I got to get a better picture of me up.

After their panel let out – I didn’t miss much, apparently the panelists got drunk instead – I went out to dinner at a Mexican place close by with Justin, Alex, Grant, Gangles, Kate and others. Gangles, Justin, myself and another whose name escapes me at the moment, got to enthusiastically talking about games and critiquing them during the meal. I had dabbled in short conversations like this all weekend, but this was the first extended one I was apart of. This is why I came to PAX. To meet people and talk intelligently with them.

After dinner we went to a hotel room for a time then went our separate ways. I had some time to kill so I went back to the convention hall to wonder around. On the third floor this was the scene:

There was a rave going on to techno music produced by a gameboy plugged into a synthesizer and a laptop. Pity the picture wasn’t clearer.

Next day I got to the convention late, about noon actually. On my way to the hall to get to the Gay Gamer panel I saw these guys and paused to snap a pic.

I made it to the panel without trouble. I was near the end of the line and I still found empty seats in the second row right behind the others. The place was half empty. I could only think it was because of the schedule change from Saturday afternoon to Sunday afternoon.  That definitely hurt attendance. It was much better run than the Girls and Games panel. In fact they outright contradicted that panel and god bless them for it.

Once again the panel is covered better elsewhere.

After the panel we kind of hung around outside in the hall…

… when Hellen McWilliams of Harmonix and on the panel we just saw came by.

I went wandering around and ran into Alex Myers.

It was that time however, people had to go to catch their flights or start the long arduous drive home. Said my goodbyes to Justin and Kate as they made for the airport. Also said goodbye to Alex and Grant as I was going to one last panel and probably wouldn’t see them afterwords. Though before that, I sat with them for a while.

The man standing is carrying three poke walkers. This was an all too common scene at PAX. Some people would be riding the escalators with their walkers out to try and touch with anyone going the opposite way. People would approach lines just to see if anyone there had one. And as soon as someone whipped it out a crowd would amass and congregate around that person. It was a phenomenon. Releasing it right before a convention was probably the best advertising Nintendo could have done.

Just a guy nonchalantly carrying a very big sword around. Nothing else to see here.

I went to the Snake-oil and Sequalitis panel at the end of Sunday’s festivities. Sparky Clarkson, you remember him…

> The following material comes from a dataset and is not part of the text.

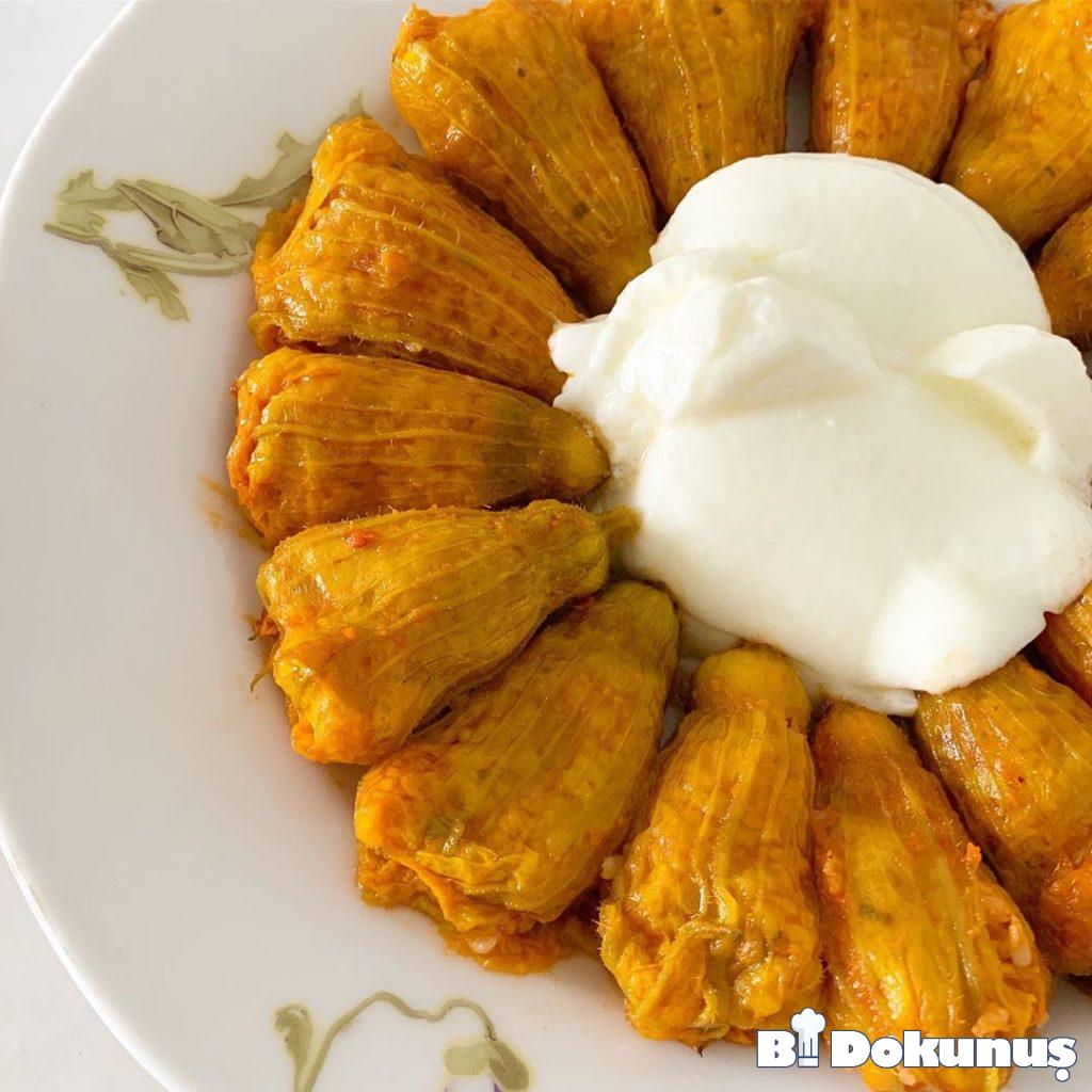- Kabak çiçeklerinin ortasındaki içi çiçekleri yırtmadan çıkartın. Hazırladığınız harcı çok sıkıştırmadan doldurun.

… was good enough to be line with me. It was a little dry, but full of discussion. At the end they gave out 5 Andrew Ryan figurines. Clapping was enthusiastic for 1-3, then died down at 4 and was dead silent when the last one was given away. I said goodbye to Sparky and went to the front.

Damn right I was going to get a picture of Ken Levine.

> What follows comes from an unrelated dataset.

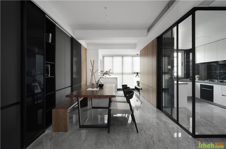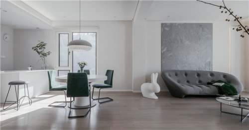 室內(nèi)設(shè)計師利用玄關(guān)、廚房、客廳不同方位和角度的自然光線變化來調(diào)整餐廳區(qū)域的景深,形成一種連續(xù)、重疊的效果。不同的空間交互延伸,構(gòu)筑餐廳大氣敞朗的人文意象。

After I got out of there, I was effectively the last one at PAX. I wasn’t leaving until Monday, so I had no one to meet and there was little else to do. I hung out at the handheld lounge sucking down the wi-fi until they called the first ever PAX East to a close. I am out of pictures from the event, but I have one left.

This Ladies and Gentlemen is me. Now there wont be any confusion about what I look like anymore.

PAX East was a blast. Thank you to all the friends I met at this “reunion” and hope to see you again next year. I’m already making plans for it. I wish I had more time with people, especially Joe Tortuga and Johnathan Mills, both of whom I forgot to snap a picture of and only got a few words with each besides.